In 1977, it took just minutes for a jury of 11 White men and one Black woman to convict Simmons. Simmons was 25 when he was convicted of the attempted sexual assault of 14-year-old twin sisters Karen and Sharon Sanders. But conflicting accounts of what happened on Little California Road and the way his trial unfolded haunt the small Louisiana parish, where 66% of its community is White and 29% is Black, and Black residents say that, decades later, the racism of their White neighbors continues to distort the concept of justice.

Attorneys, local activists and family members of Simmons say he was wrongly convicted. Some Black residents in Avoyelles Parish, Louisiana, say his case is reflective of racism and a failed justice system -- ailments that have plagued the area for generations. But his accusers have not wavered in their allegations or come forward to change their accounts.

"This s*t happened. It's real. It happened," the twins' first cousin and eye-and-ear witness, Keith Laborde, told CNN.
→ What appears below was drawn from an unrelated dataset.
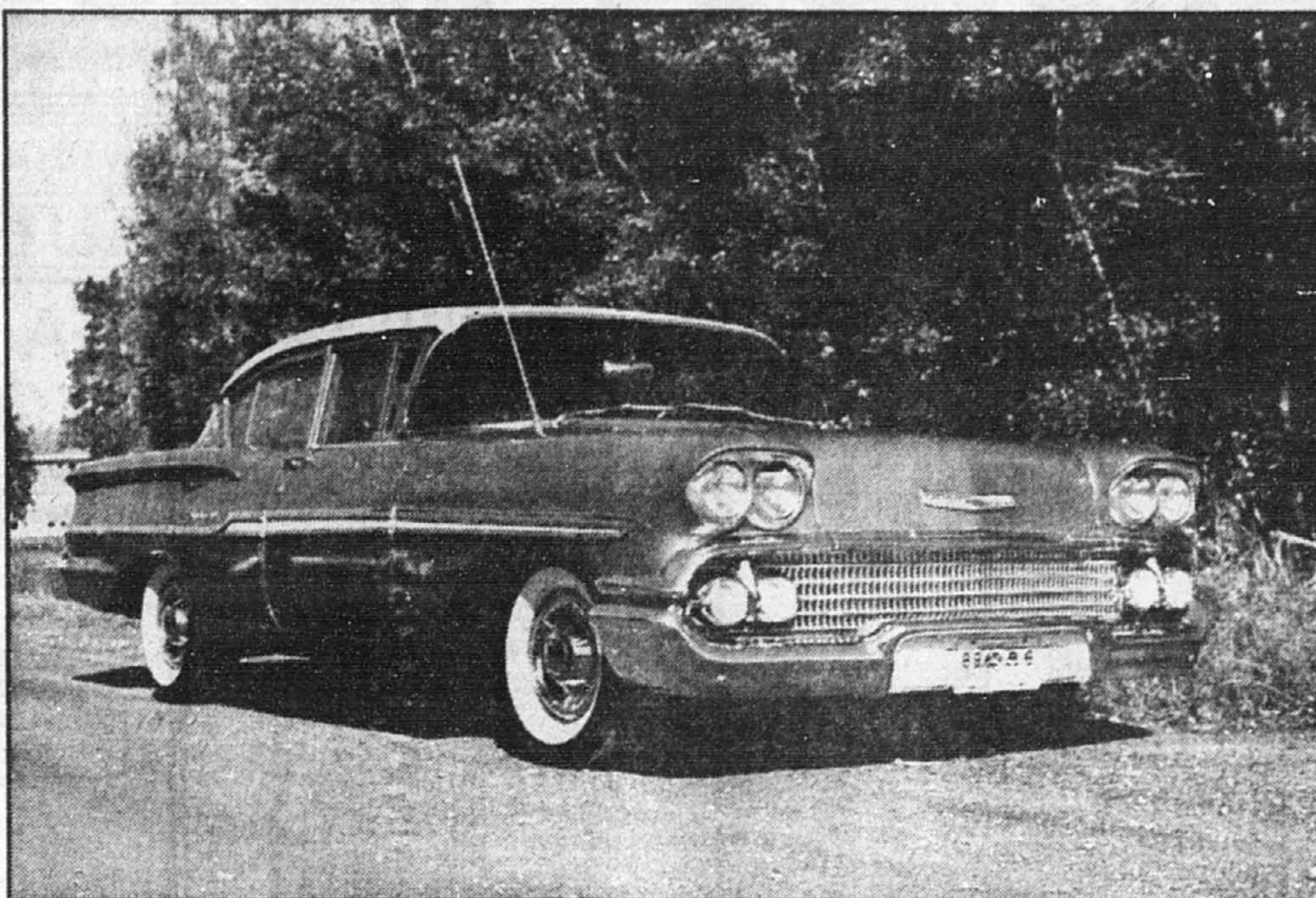
La Chevrolet Sedan quatre portes était la favorite des pères de famille en 1958.

C'est le genre de voiture que recherchait le père de famille. Le moteur de 235,5 pouces cubes (3860 cc),

Neither Laborde, who was 18 at the time, nor either Sanders sister identified Simmons by name as the suspect to the police, but they said his full name at the 1977 trial.
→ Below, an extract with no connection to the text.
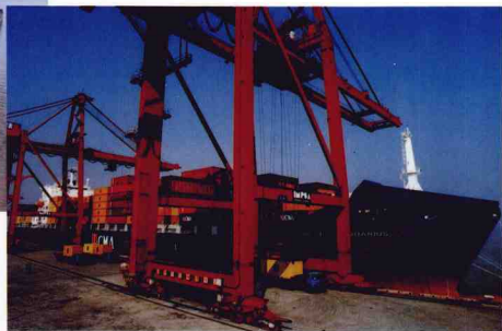
法國達飛輪船公司第4代國際集裝箱船“阿寶克斯”號靠泊北侖港集裝箱碼頭作業

French DaFli ship company 4th generation international container ship "A Bao Xi" is at anchor alongside Beilun container wharf
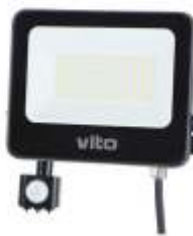
SAVA-S 50W 6000K Obj. kód 3022730

Karen Sanders published a book in 2005 called "Raped Beyond a Shadow of Doubt" about the incident and its aftermath. The Sanders sisters were both featured in the 1999 documentary "Shadows of Doubt: State Vs. 85188 Vincent Simmons." CNN made multiple attempts to reach the twins via phone and email, but none were successful.

Justin Bonus, an attorney for Simmons, said this is "a story you might hear when speaking of Jim Crow and the 'rape myth' involving Black men and White women that resulted in so many tragic lynchings and wrongful convictions."

Data reveal that a Black prisoner serving time for sexual assault is three-and-a-half times more likely to be innocent than a White sexual assault convict, according to a 2017 report from the National Registry of Exonerations. "The major cause for this huge racial disparity appears to be the high danger of mistaken eyewitness identification by white victims in violent crimes with black assailants," the report said.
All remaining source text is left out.